The  is the coast guard of Japan.

The Japan Coast Guard consists of about 13,700 personnel and is responsible for the protection of the coastline of Japan under the oversight of the Ministry of Land, Infrastructure, Transport and Tourism. The Japan Coast Guard was founded in 1948 as the Maritime Safety Agency and received its current English name in 2000.

The motto of the Japan Coast Guard is .

History 
In the Empire of Japan, coast guard operations were mandated for the Imperial Japanese Navy. But the Navy was dissolved with the surrender of Japan in August 1945, and the ability of maintaining maritime order was declined seriously. Dense trade and smuggling had increased dramatically, even pirates had come to appear.

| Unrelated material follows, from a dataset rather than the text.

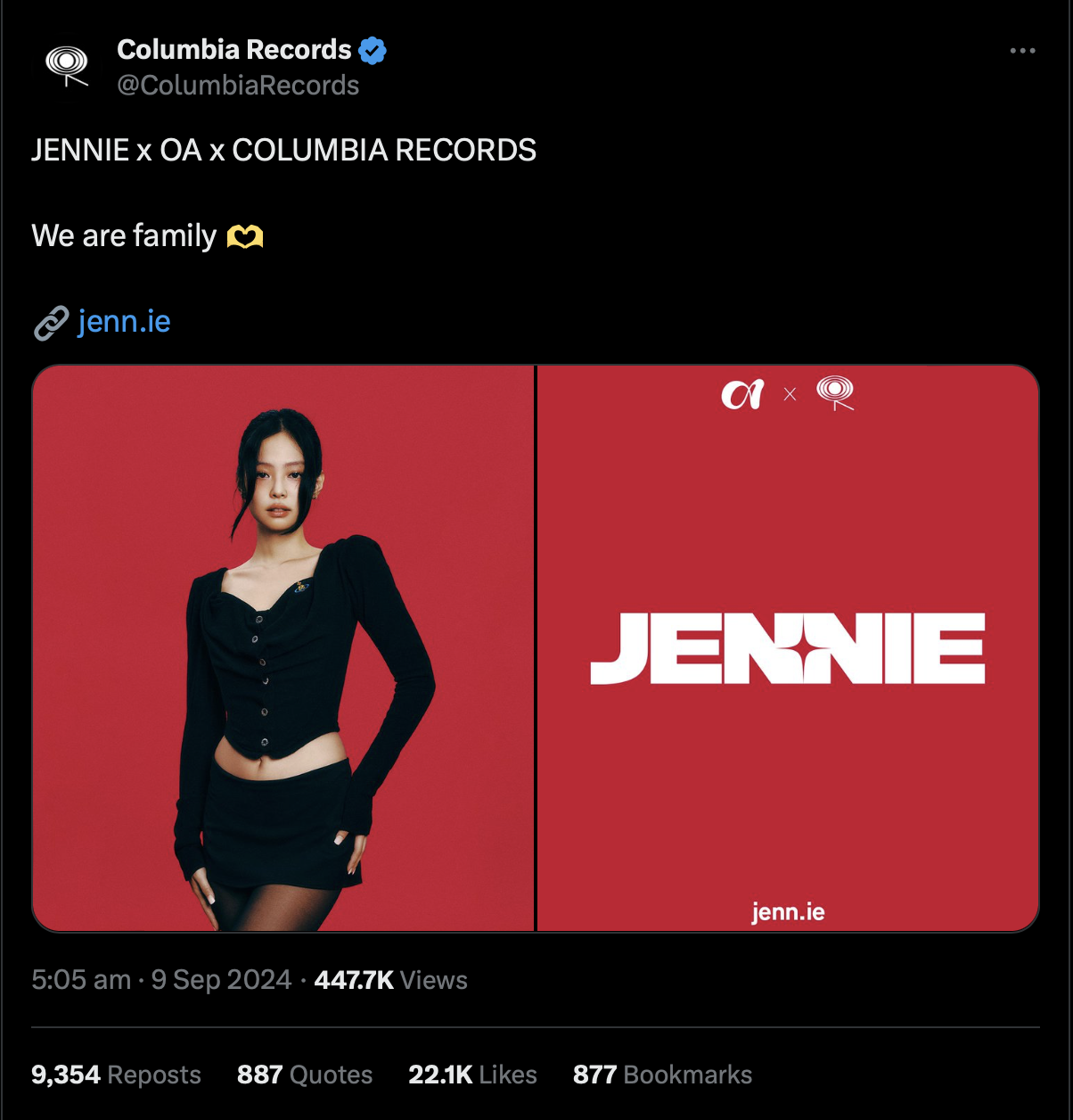 សមាជិកក្រុម BLACKPINK “Jennie Kim” បានចុះកុងត្រាជាសិល្បករទោលជាមួយក្រុមហ៊ុន Columbia Records ក្នុងភាពជាដៃគូជាមួយក្រុមហ៊ុនផ្ទាល់ខ្លួនរបស់នាង Oddatelier ដោយគ្រោងនឹងចេញបទចម្រៀងទោលថ្មីក្នុងខែតុលានេះ។

Consultation between the Japanese government who wanted to restore public security capacity as soon as possible and the Allied countries wanting to maintain disarmament of Japan faced difficulties, but in 1946, an "Illegal Immigration Control Headquarters" was established in the Ministry of Transport, as cholera was transmitted to Kyushu by smugglers from the Korean Peninsula and was concerned to cause severe infection explosion.

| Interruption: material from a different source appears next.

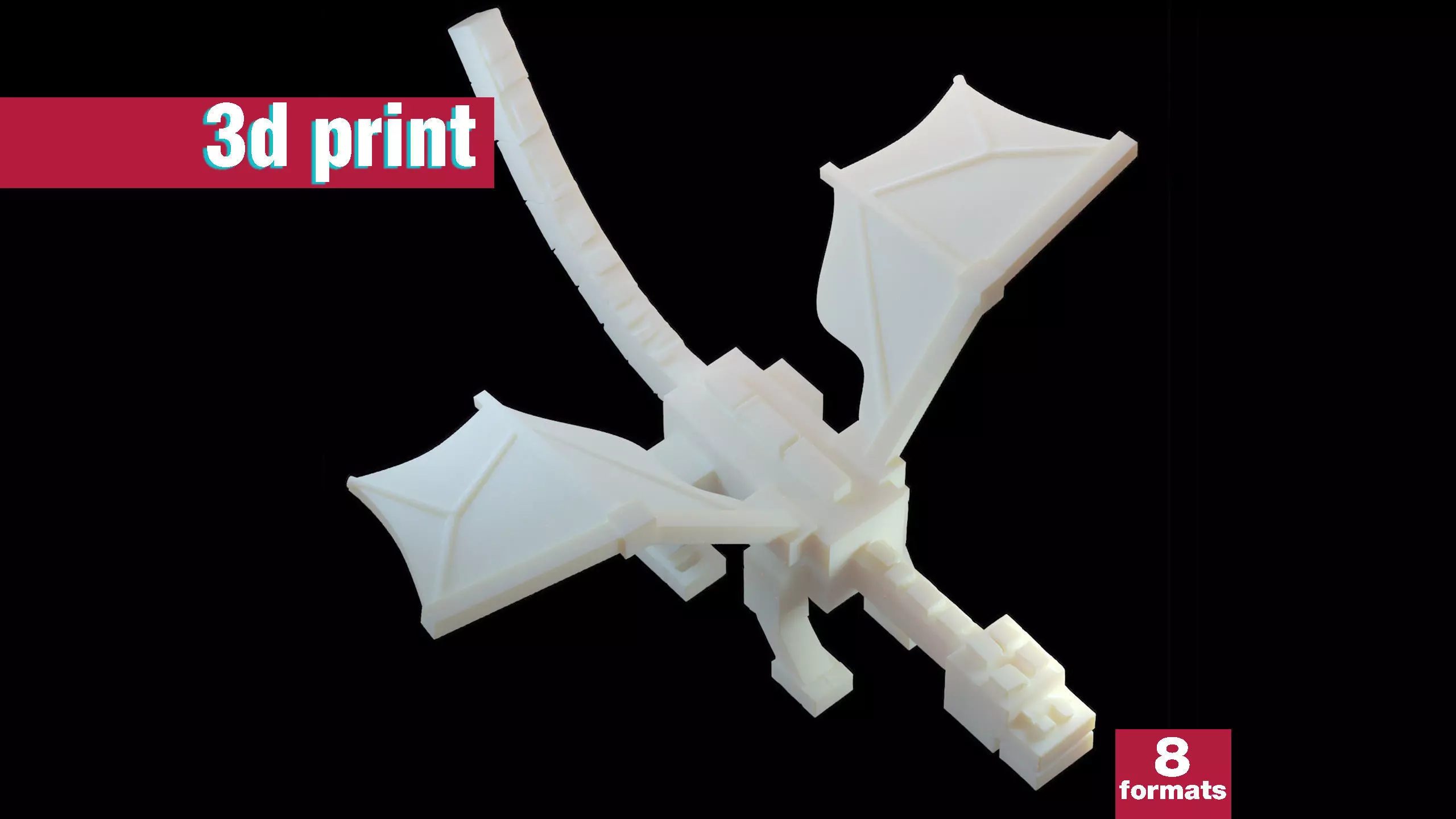 Unleash the mighty beast from the End with this Minecraft-inspired stylized dragon! Crafted in a voxel-style design, this low-poly creature captures the spirit of blocky fantasy worlds with clean geometry, sharp edges, and wide majestic wings.

Meanwhile, the GHQ/SCAP also recognized the deficiencies of the Japanese coast guard system, and in March 1946, USCG Captain Frank M. Meals was invited to consider the situation. Captain Meals suggested the establishment of a comprehensive coast guard organization based on the USCG. In response to this, the Maritime Safety Agency (MSA) was established as an external station of the Ministry of Transportation in 1948. Its English name was changed to Japan Coast Guard in April 2000. In 1952 the Coastal Safety Agency was created with ships supplied by the US and spun off in 1954 as the Japan Maritime Self Defense Force.

Minesweeping operations
Immediately after the end of the war, a large number of aerial mines laid by the US military were left in the waters around Japan, and the duty of clearing them became an important mission of the MSA. For this mission, minesweepers of the former IJN were incorporated into the MSA, and later, transferred to the Safety Security Force, ancestor of the Japan Maritime Self-Defense Force.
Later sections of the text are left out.